Думать так и сидеть на месте было небезопасно. Невнимание к Шуре могло опять привести к ссоре, а ссоры происходили здесь часто, потому что ни Голиков, ни жена ехать сюда не хотели, и нервы у обоих были взвинчены.

Правда, Шура, которую ее отец, доктор технических наук, до сих пор, как маленькую, называл Шуренком, вначале, в Ростове, обрадовалась переезду, с гордостью думала о себе, что она идет для Сергея на все и, если нужно, пойдет на еще большее. Но, приехав на место и увидев, что уже в девять вечера свет горит только в учреждениях, а вся встающая с рассветом станица спит и что здесь, чтоб не быть смешной, ни разу не наденешь ни вечернее платье с тисненым кожаным листом на плече, ни купленные отцом замшевые туфельки, — Шура потускнела. Голиков возмущался ее недовольным лицом, перестал разговаривать, несколько дней старался приходить домой поздно. Тогда Шура самолично направилась в райздрав, предъявила свой новенький диплом врача, оформилась на работу в больницу. В станичной районной больнице было достаточно и грязноватости, и сероватости, и равнодушия врачей, но Шура еще в Ростове усвоила, что именно это встречает и вскрывает в деревне каждый молодой сто́ящий специалист, сразу увлеклась, сменила унылое настроение на рабочую активность, и в доме Голиковых начал устанавливаться относительный мир.

Шаги жены приблизились к дому, она громко забарабанила щеколдой. Сергей откинул в сенцах крюк и, бегом вернувшись к Толстому, не оборачиваясь, попросил:

— Дочитаю, Шурочка… два слова…

— Пожалуйста, — ответила Шура, наверно обидевшись, но, не теряя хорошего от мороза и быстрой ходьбы настроения и испытывая мужа, кинула на него варежку, другую, потом сумку, пахнущую морозом. — Ох, на улице и холодно! Смотри. — Она сунула Сергею под подбородок, прижала к шее ледяные пальцы.

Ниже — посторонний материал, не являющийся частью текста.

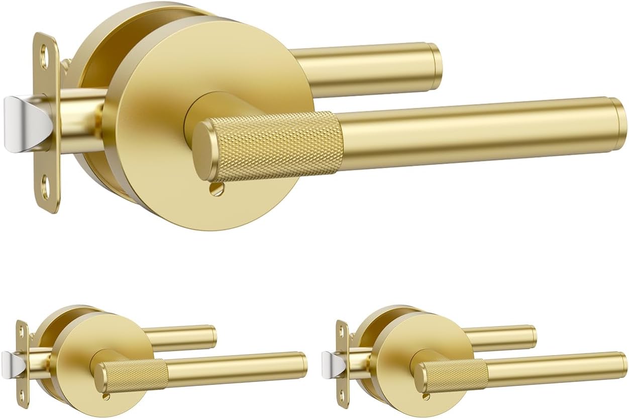 Amerdeco 2 Pack Champagne Bronze Dummy Door Handles, Decorative Non-Turning Door Lever with Door Knobs for Closet, French Double Doors, Pantries & Interior Push/Pull Doors.AM0027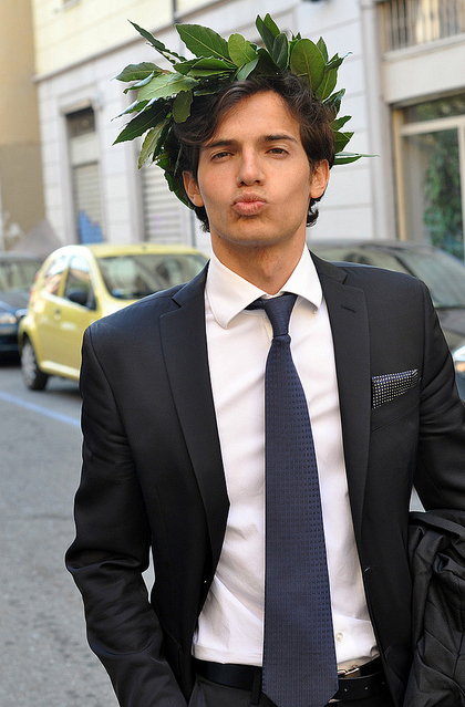 Pues nada, después de un larguísimo post que espero que os haya servido para entender lo que significa lo de dormirse en los laureles, os dejo con una aplicación moderna de la corona de laurel que seguro que le alegra el día a más de una (Arantxa, te dedico la foto de este guapo italiano 😀 ).

— Да уйди же! — засмеялся он наконец.

Шура мгновенно воспользовалась этим.

— У нас в больнице ужасная история, Сережа, — заговорила она, отдавая ему пальто и берет. — Нажми ты на этого подлеца Резниченко. В аптеке пенициллина хоть завались, а Резниченко не желает выдавать.

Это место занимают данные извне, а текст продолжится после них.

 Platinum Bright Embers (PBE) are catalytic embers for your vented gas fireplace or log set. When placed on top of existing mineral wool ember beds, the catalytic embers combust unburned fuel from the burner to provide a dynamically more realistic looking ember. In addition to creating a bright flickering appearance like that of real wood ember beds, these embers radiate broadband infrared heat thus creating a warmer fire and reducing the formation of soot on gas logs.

Служебные дела у нее шли отлично, поэтому она была в стадии боевой, высокоидейной сознательности. Забыв, что всего лишь неделю назад квасилась из-за тоскливой жизни в районе, она возмущенно нападала теперь на мужа за каждое недостаточное бодрое по поводу их быта слово.

Она носила невообразимо взбитую, пышную прическу, была тоненькая, быстрая. Солидные жены коренных районных работников называют таких выдрами, но Сергей, отложив «Воскресение» и за тонкий локоть придерживая жену, с восхищением смотрел на нее. Привлекательность Шуры была не в деталях лица, совсем обычных, а в том живом их выражении, которое еще в школьные и студенческие годы позволяло ей, девчонке, вертеть кавалерами, как она хотела. Подбородок Шуры чуть выдвигался вперед и нижняя губа — тугая, смешливая, свежая — выдвигалась тоже, образуя в лице «бульдожинку». Сергей всегда любовался всем этим, любовался и сейчас. Правда, ему сильно хотелось есть. С отъездом домработницы и дочки он все дни был полуголодным, но, конечно, не жаловался жене, радовавшейся, что они с Сергеем вдвоем.